From: Mathieu Desnoyers <mathieu.desnoyers@efficios.com>
To: Will Deacon <will.deacon@arm.com>
Cc: Peter Zijlstra <peterz@infradead.org>,
Mark Rutland <mark.rutland@arm.com>,
linux-kernel <linux-kernel@vger.kernel.org>,
linux-arm-kernel <linux-arm-kernel@lists.infradead.org>,
Ingo Molnar <mingo@kernel.org>
Subject: Re: arm64/v4.16-rc1: KASAN: use-after-free Read in finish_task_switch
Date: Thu, 15 Feb 2018 22:08:56 +0000 (UTC) [thread overview]
Message-ID: <1144433342.22716.1518732536600.JavaMail.zimbra@efficios.com> (raw)

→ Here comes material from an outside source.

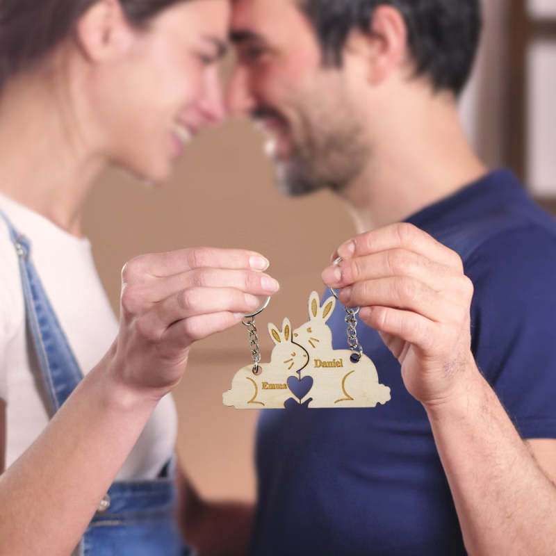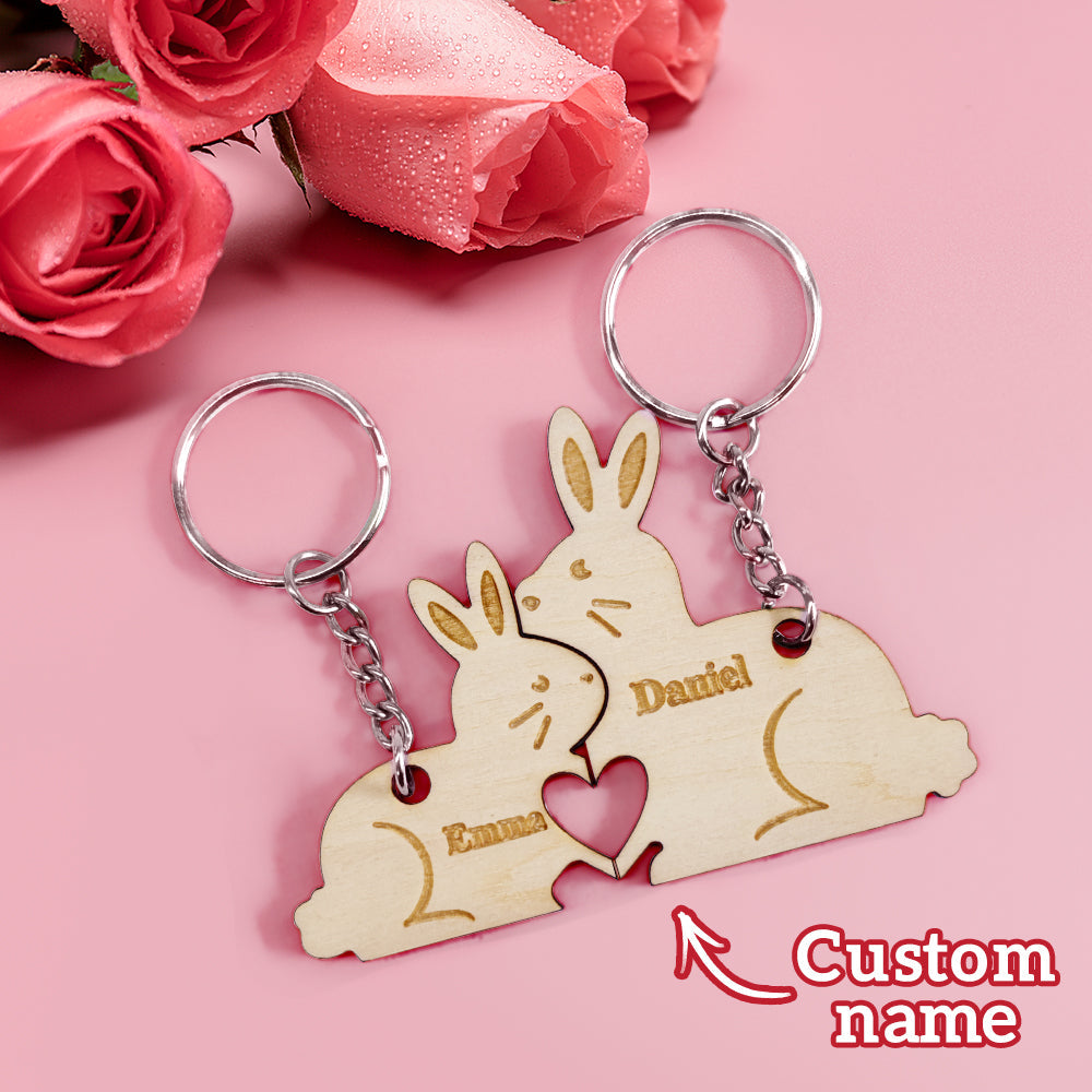 Personalisierter Passender Schlüsselanhänger Für Paare, Individuell Passender Hasen-schlüsselanhänger, Valentinstagsgeschenke Für Liebhaber

In-Reply-To: <20180215182154.GD15274@arm.com>
----- On Feb 15, 2018, at 1:21 PM, Will Deacon will.deacon@arm.com wrote:
> On Thu, Feb 15, 2018 at 05:47:54PM +0100, Peter Zijlstra wrote:
>> On Thu, Feb 15, 2018 at 02:22:39PM +0000, Will Deacon wrote:
>> > Instead, we've come up with a more plausible sequence that can in theory
>> > happen on a single CPU:
>> >
>> > <task foo calls exit()>
>> >
>> > do_exit
>> > exit_mm
>>
>> If this is the last task of the process, we would expect:
>>
>> mm_count == 1
>> mm_users == 1
>>
>> at this point.
>>
>> > mmgrab(mm); // foo's mm has count +1
>> > BUG_ON(mm != current->active_mm);
>> > task_lock(current);
>> > current->mm = NULL;
>> > task_unlock(current);
>>
>> So the whole active_mm is basically the last 'real' mm, and its purpose
>> is to avoid switch_mm() between user tasks and kernel tasks.
>>
>> A kernel task has !->mm. We do this by incrementing mm_count when
>> switching from user to kernel task and decrementing when switching from
>> kernel to user.
>>
>> What exit_mm() does is change a user task into a 'kernel' task. So it
>> should increment mm_count to mirror the context switch. I suspect this
>> is what the mmgrab() in exit_mm() is for.
>>
>> > <irq and ctxsw to kthread>
>> >
>> > context_switch(prev=foo, next=kthread)
>> > mm = next->mm;
>> > oldmm = prev->active_mm;
>> >
>> > if (!mm) { // True for kthread
>> > next->active_mm = oldmm;
>> > mmgrab(oldmm); // foo's mm has count +2
>> > }
>> >
>> > if (!prev->mm) { // True for foo
>> > rq->prev_mm = oldmm;
>> > }
>> >
>> > finish_task_switch
>> > mm = rq->prev_mm;
>> > if (mm) { // True (foo's mm)
>> > mmdrop(mm); // foo's mm has count +1
>> > }
>> >
>> > [...]
>> >
>> > <ctxsw to task bar>
>> >
>> > context_switch(prev=kthread, next=bar)
>> > mm = next->mm;
>> > oldmm = prev->active_mm; // foo's mm!
>> >
>> > if (!prev->mm) { // True for kthread
>> > rq->prev_mm = oldmm;
>> > }
>> >
>> > finish_task_switch
>> > mm = rq->prev_mm;
>> > if (mm) { // True (foo's mm)
>> > mmdrop(mm); // foo's mm has count +0
>>
>> The context switch into the next user task will then decrement. At this
>> point foo no longer has a reference to its mm, except on the stack.
>>
>> > }
>> >
>> > [...]
>> >
>> > <ctxsw back to task foo>
>> >
>> > context_switch(prev=bar, next=foo)
>> > mm = next->mm;
>> > oldmm = prev->active_mm;
>> >
>> > if (!mm) { // True for foo
>> > next->active_mm = oldmm; // This is bar's mm
>> > mmgrab(oldmm); // bar's mm has count +1
>> > }
>> >
>> >
>> > [return back to exit_mm]
>>
>> Enter mm_users, this counts the number of tasks associated with the mm.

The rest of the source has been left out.